In response, China imposed tariffs of 25 percent on $50 billion worth US imports and about 5 to10 per cent on $60 billion worth goods, and now, it has only $10 billion American imports left to levy.
Canada imposed tariffs on US goods worth $12.6 billion that included coffee, ketchup, steel and aluminium, and there are other restrictions on American imports imposed by Mexico and the EU.
Soft commodities are traded in spot and futures where the products can be bought or sold immediately, and investors can create the spot price for buy or sell orders. The price may change immediately in the liquid markets as new prices enter the marketplace.
In such trades people deal with contracts to sell or buy at a specific price and traders rollover their positions or close early to gain profits.
Commodities can be traded in futures where the greater potential of fluctuations and risks is present, and large fluctuations in price can cause difficulties for the traders to predict the market movement.
Traders can hold positions as long as they desire as spot positions have no expiry and sometimes, it is conducted with the help of a COD where the difference in the price of the asset between the start and finish makes the contract. There are many advantages where traders can get exposure to such markets without buying in shares, ETFs or futures.

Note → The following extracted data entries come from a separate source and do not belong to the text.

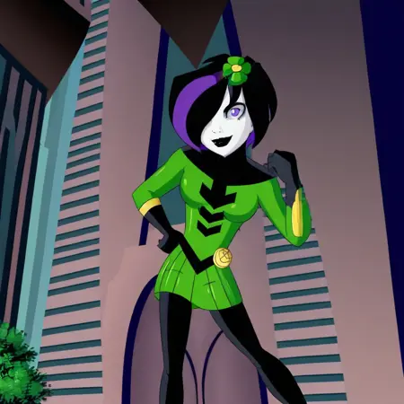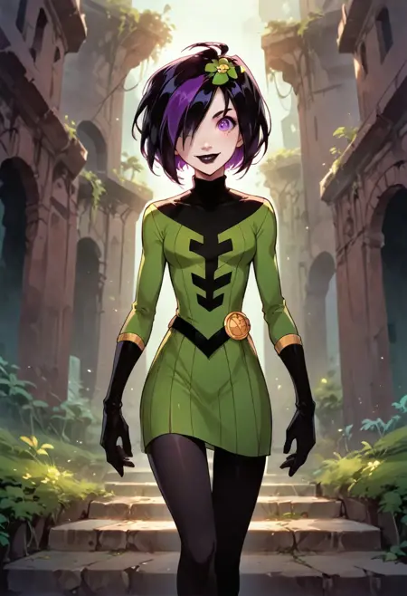 異なるスタイルやベースで正確な描写を試す際に使用した一般的なプロンプト:ウェスタンカートーン、黒いベルト、黒いリップ、黒い手袋、紫色の目、黒い髪、髪に濃い紫のストライプ、片方の目を髪が隠している、ミディアムボブ、白い肌、黒いレギンス、ベルトの金の円、髪に緑の花、緑のドレス。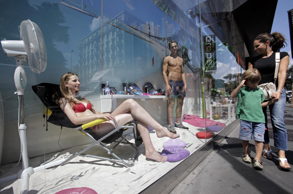 | Models pose as mannequins as part of a protest in a COIN department store window in downtown Milan July 18, 2011. |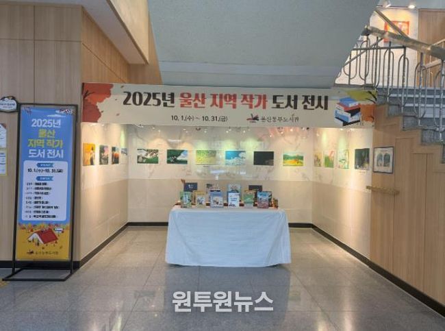 (원투원뉴스) 울산 동부도서관은 오는 31일까지 1층 로비에서 울산 지역 작가들의 도서 15권과 원화 14점을 전시한다.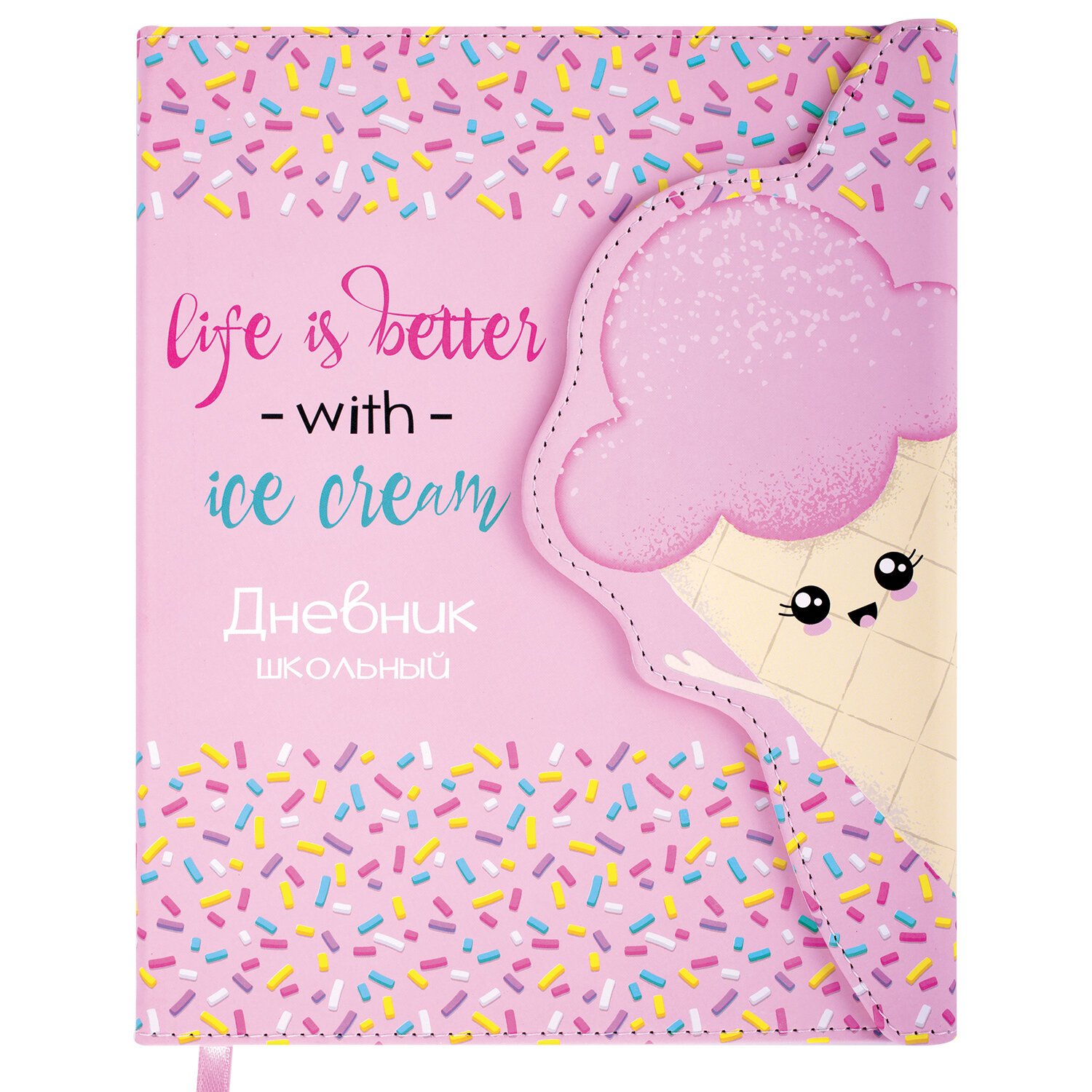 Дневник 1-11 класс 48 л., кожзам (твердая), магнитный клапан, ЮНЛАНДИЯ, "Мороженка", 106184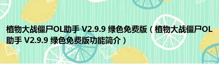 植物大战僵尸OL助手 V2.9.9 绿色免费版(植物大战僵尸OL助手 V2.9.9 绿色免费版功能简介)
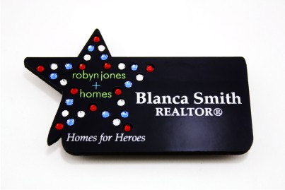 "1.5x3" Black Star for Heroes with Red, Blue, Clear Stones along with Magnet backing

Some of the commodities like coffee and orange juice futures have tumbled to multi-year lows amidst oversupply and low demand in both the commodities. Wholesale coffee price is at the lowest since 2005, almost half of the price in 2016. The supplies are growing as the grinders are lowering the price of processing and this led to unrestricted production. There are some global regions where coffee faced negative promotion. Switzerland claimed the beverage has no health benefits and should not be stockpiled in thousands or tons creating resistance among heavy buyers. Futures for the July contracts were at 90.60 a pound, in the last week in New York and it is almost at a 14 year low. It was also hit by lowering Brazilian currency where Brazil is one of the key producers, causing a decline in price and the similar trends in the world markets led to decline in coffee, sugar and orange price.